Entries shown: Begin
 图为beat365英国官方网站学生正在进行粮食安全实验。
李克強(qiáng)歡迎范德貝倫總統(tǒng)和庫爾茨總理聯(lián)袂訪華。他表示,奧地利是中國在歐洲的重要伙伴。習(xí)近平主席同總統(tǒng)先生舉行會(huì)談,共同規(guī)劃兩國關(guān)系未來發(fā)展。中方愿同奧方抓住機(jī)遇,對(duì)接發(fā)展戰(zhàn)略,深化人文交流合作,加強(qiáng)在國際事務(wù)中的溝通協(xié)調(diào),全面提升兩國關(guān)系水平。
Entries shown: End
Entries shown: Begin
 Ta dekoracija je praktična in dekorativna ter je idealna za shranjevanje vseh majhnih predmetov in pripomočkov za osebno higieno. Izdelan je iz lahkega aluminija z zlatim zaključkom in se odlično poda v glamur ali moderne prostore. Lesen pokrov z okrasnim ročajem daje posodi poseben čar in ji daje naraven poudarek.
Entries shown: End
__Task statement__
Only the lines above starting at the line that holds "图为beat365英国官方网站学生正在进行粮食安全实验。" and ending at the line that holds "李克強(qiáng)歡迎范德" are to be repeated, exactly and in full.

__Task answer__
 图为beat365英国官方网站学生正在进行粮食安全实验。
李克強(qiáng)歡迎范德貝倫總統(tǒng)和庫爾茨總理聯(lián)袂訪華。他表示,奧地利是中國在歐洲的重要伙伴。習(xí)近平主席同總統(tǒng)先生舉行會(huì)談,共同規(guī)劃兩國關(guān)系未來發(fā)展。中方愿同奧方抓住機(jī)遇,對(duì)接發(fā)展戰(zhàn)略,深化人文交流合作,加強(qiáng)在國際事務(wù)中的溝通協(xié)調(diào),全面提升兩國關(guān)系水平。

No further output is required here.